**Exercise**.
Although the records contain pictures, none belong in the copy: restate word for word only the lines from the one with "Každý politický systém" through the one with "2025.10.08 秋の収穫祭のお知らせ 10月12日(日)~10月23日(木)は秋の収穫祭を開催いたします!(^^)!", both included.

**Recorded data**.

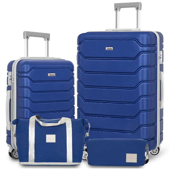 Romswi 4 Piece Luggage Set, 20 28 inch Travel Suitcase Lightweight PC+ABS Hardside Durable with TSA Lock, Cup Holder, Duffel Bag – Spinner Wheels Navy
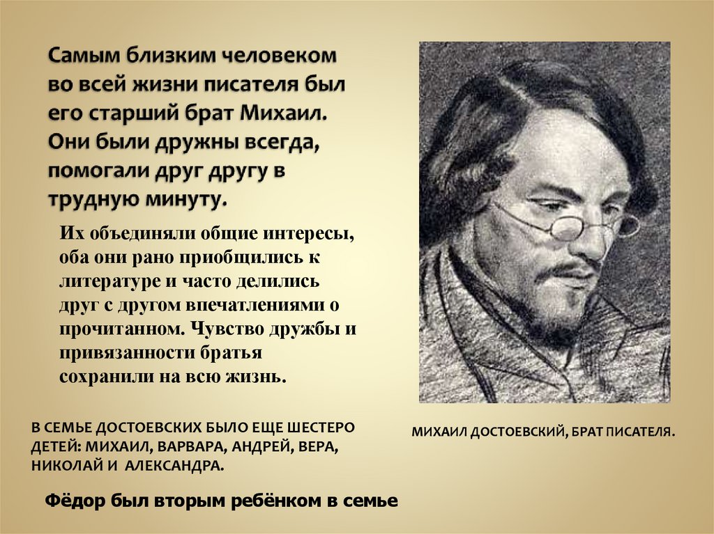В СЕМЬЕ ДОСТОЕВСКИХ БЫЛО ЕЩЕ ШЕСТЕРО
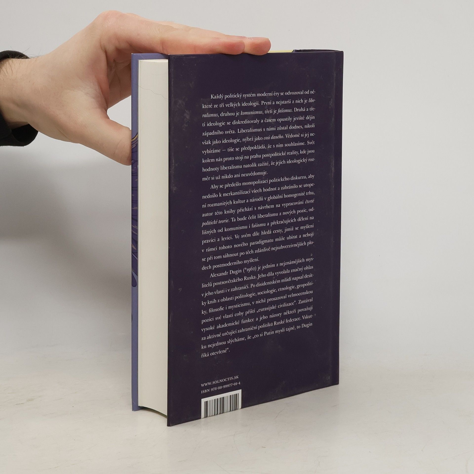 Každý politický systém moderní éry se odvozoval od některé ze tří velkých ideologií. První a nejstarší z těchto ideologií je liberalismus, druhou je komunismus, třetí je fašismus. Druhá a třetí ideologie se diskreditovaly a časem opustily jeviště dějin západního světa. Liberalismus s námi zůstal dodnes, nikoli však jako ideologie, nýbrž jako cosi daného. Vědomě si jej nevybíráme: tiše se předpokládá, že s ním souhlasíme. Svět kolem nás proto stojí na prahu postpolitické reality, kde jsou hodnoty liberalismu natolik zažité, že jejich ideologický rozměr si už nikdo ani neuvědomuje. Aby se předešlo monopolizaci politického diskurzu, aby nedošlo k merkantilizaci všech hodnot a zabránilo se utopení rozmanitých kultur a národů v globální homogenitě trhu, autor této knihy přichází s návrhem na vypracování čtvrté politické teorie. Ta bude čelit liberalismu z nových pozic, odlišných od komunismu i fašismu a překračujících dělení na pravici a levici. Ve svém díle hledá cesty, jimiž se myšlení v rámci tohoto nového paradigmatu může ubírat a nebojí se při tom sáhnout po těch zdánlivě nejsubverzivnějších plodech postmoderního myšlení.
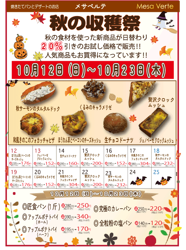 2025.10.08 秋の収穫祭のお知らせ 10月12日(日)~10月23日(木)は秋の収穫祭を開催いたします!(^^)! 秋の食材を使った新商品が日替わりで20%引きのお試し価格で販売します(^^♪ この機会に是非ご賞味ください♪
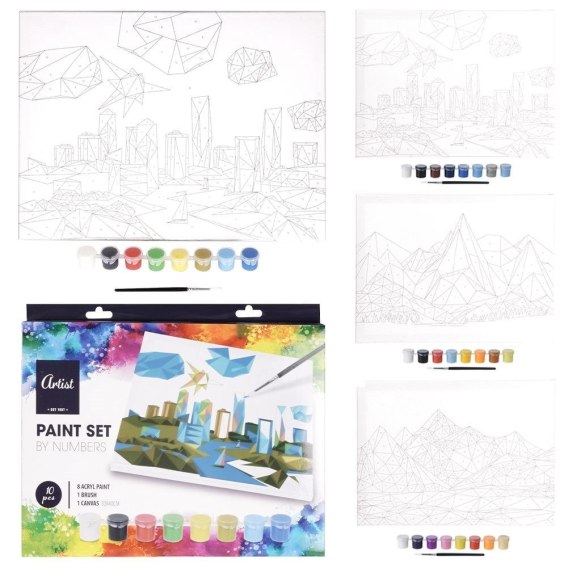 Zestaw do malowania po numerach. W zestawie: 1x płótno z obrazkiem o wymiarach 30 x 40 cm umieszczone na ramie, 1x pędzelek, 8xfarby akrylowe. Zestaw jest świetnym rozpoczęciem przygody z malarstwem zarówno dzieci jak i dorosłych. Dzięki liczbom umieszczonym na obrazie możemy stworzyć piękny i malowniczy obraz. Malowanie jest wyjątkową formą spędzania wolnego czasu, pozwala nam się skupić oraz zrelaksować. Podczas malowania rozwijamy również zdolności manualne. Farby akrylowe nie są toksyczne, dzięki czemu mogą być używane przez dzieci oraz kobiety w ciąży. Kolory są żywe i idealnie kryjące. W ofercie są dostępne łącznie 3 wzory, produkt wysyłamy losowo i nie ma możliwości wyboru konkretnego wzoru. Oryginalny produkt holenderskiej marki Artist. Wyprodukowano zgodnie z europejskimi standardami.
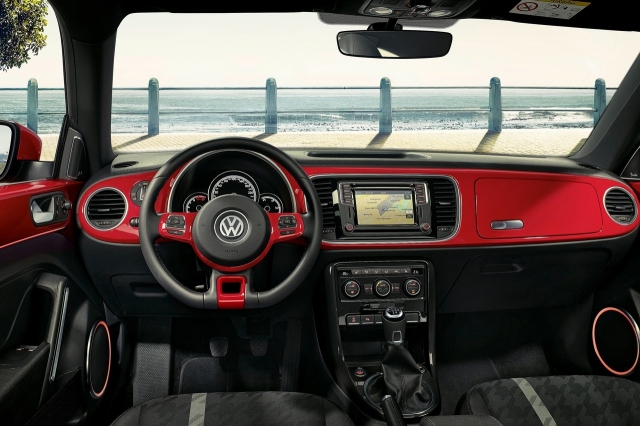 แม้ภายนอกจะออกแนวย้อนยุค แต่ภายในห้องโดยสารมีความทันสมัย แผงคอนโซลโดยรวมใช้สีเดียวกับตัวถังภายนอก จอภาพระบบสัมผัสขนาด 6.5 นิ้ว เบาะหลังพับเก็บได้แบบ 50:50 ระบบปรับอากาศอัตโนมัติ ในรุ่น Cabriolet ติดตั้งประทุนหลังคาผ้าใบ เปิด/ปิดด้วยไฟฟ้า
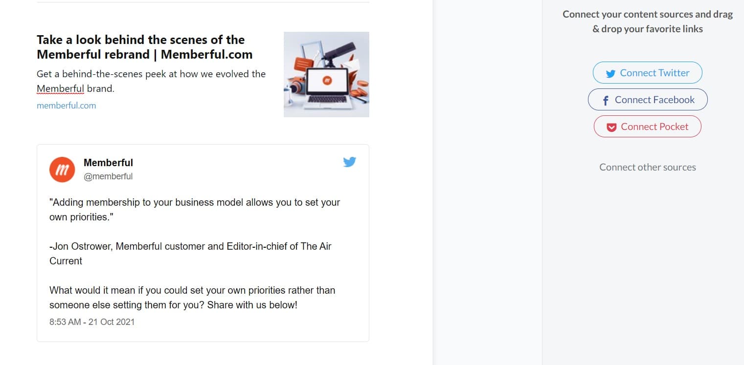 On the ‘Create’ newsletter editing screen, you’ll build and edit your newsletters, where each newsletter is referred to as an ‘issue.’ You can type out your content into paragraphs and headings as well as curate media such as images and videos. Connect social media such as Twitter, Facebook, and bookmarking service Pocket to be able to import content from those channels.
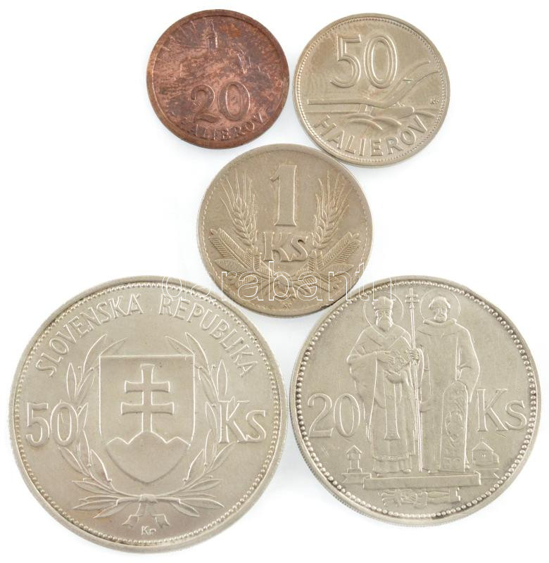 Szlovákia 1940. 20h bronz + 50h Cu-Ni + 1K Cu-Ni + 1941. 20K Ag "Cirill és Metód" + 1944. 50K Ag "Függetlenség 5. évfordulója" T:1-,2 patina, kis ph
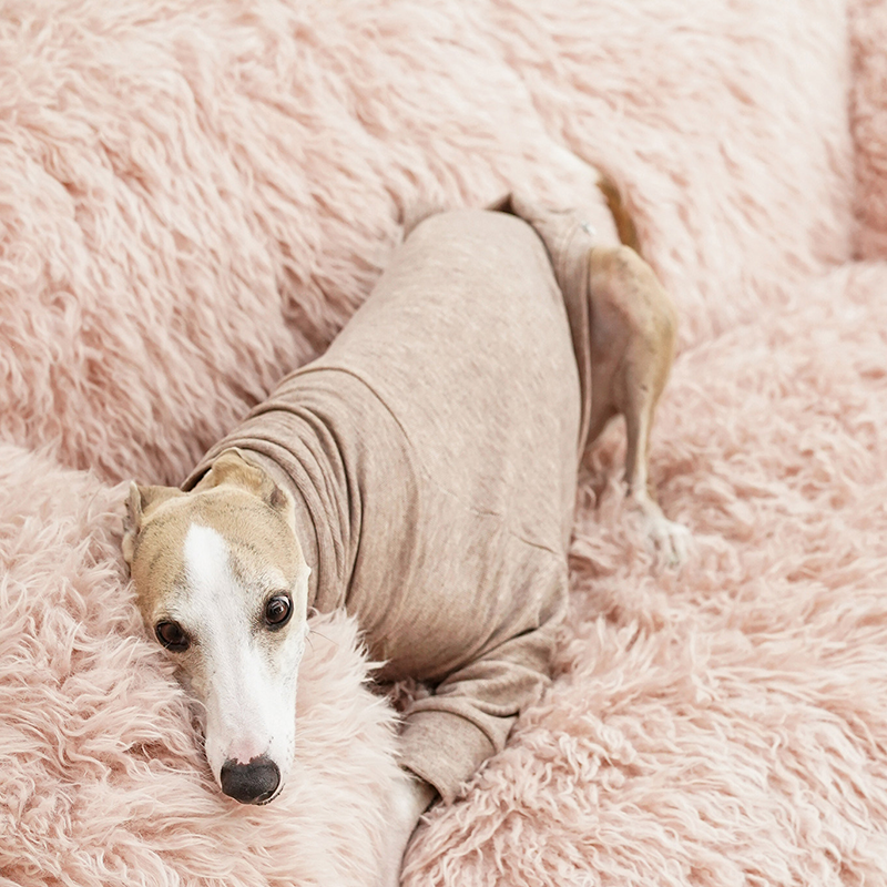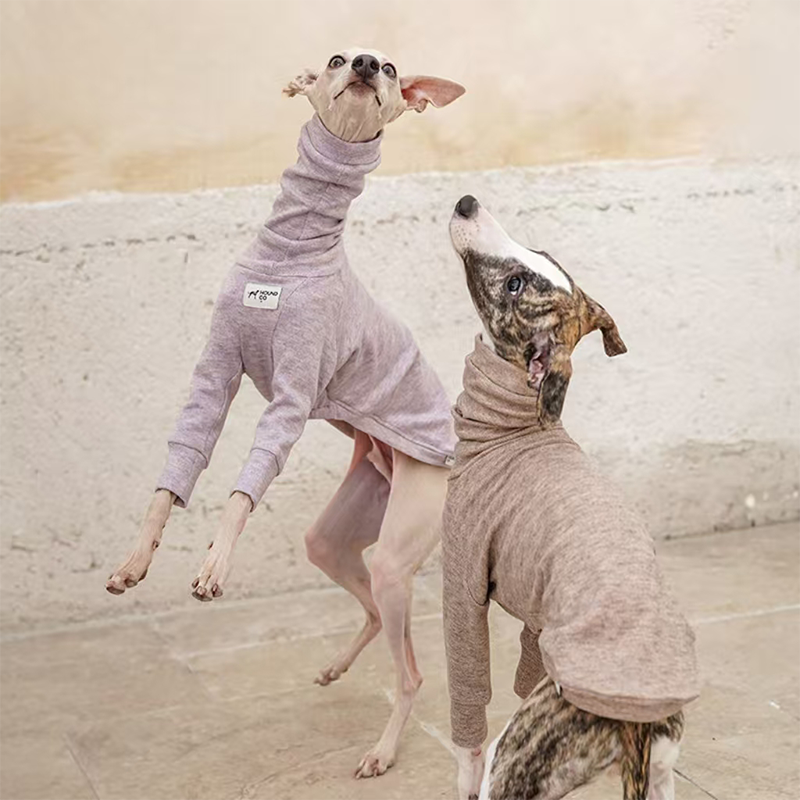 This ultra soft plush two leg shirt is designed for Italian Greyhound and Whippet dogs to stay warm and comfortable during autumn and winter. Made with skin friendly plush fabric, it feels gentle and cozy for sleeping and lounging. A practical leash opening on the back allows easy use with a harness, making it suitable for both indoor wear and short outdoor walks.

**Answer for this exercise**.
 Každý politický systém moderní éry se odvozoval od některé ze tří velkých ideologií. První a nejstarší z těchto ideologií je liberalismus, druhou je komunismus, třetí je fašismus. Druhá a třetí ideologie se diskreditovaly a časem opustily jeviště dějin západního světa. Liberalismus s námi zůstal dodnes, nikoli však jako ideologie, nýbrž jako cosi daného. Vědomě si jej nevybíráme: tiše se předpokládá, že s ním souhlasíme. Svět kolem nás proto stojí na prahu postpolitické reality, kde jsou hodnoty liberalismu natolik zažité, že jejich ideologický rozměr si už nikdo ani neuvědomuje. Aby se předešlo monopolizaci politického diskurzu, aby nedošlo k merkantilizaci všech hodnot a zabránilo se utopení rozmanitých kultur a národů v globální homogenitě trhu, autor této knihy přichází s návrhem na vypracování čtvrté politické teorie. Ta bude čelit liberalismu z nových pozic, odlišných od komunismu i fašismu a překračujících dělení na pravici a levici. Ve svém díle hledá cesty, jimiž se myšlení v rámci tohoto nového paradigmatu může ubírat a nebojí se při tom sáhnout po těch zdánlivě nejsubverzivnějších plodech postmoderního myšlení.
 2025.10.08 秋の収穫祭のお知らせ 10月12日(日)~10月23日(木)は秋の収穫祭を開催いたします!(^^)! 秋の食材を使った新商品が日替わりで20%引きのお試し価格で販売します(^^♪ この機会に是非ご賞味ください♪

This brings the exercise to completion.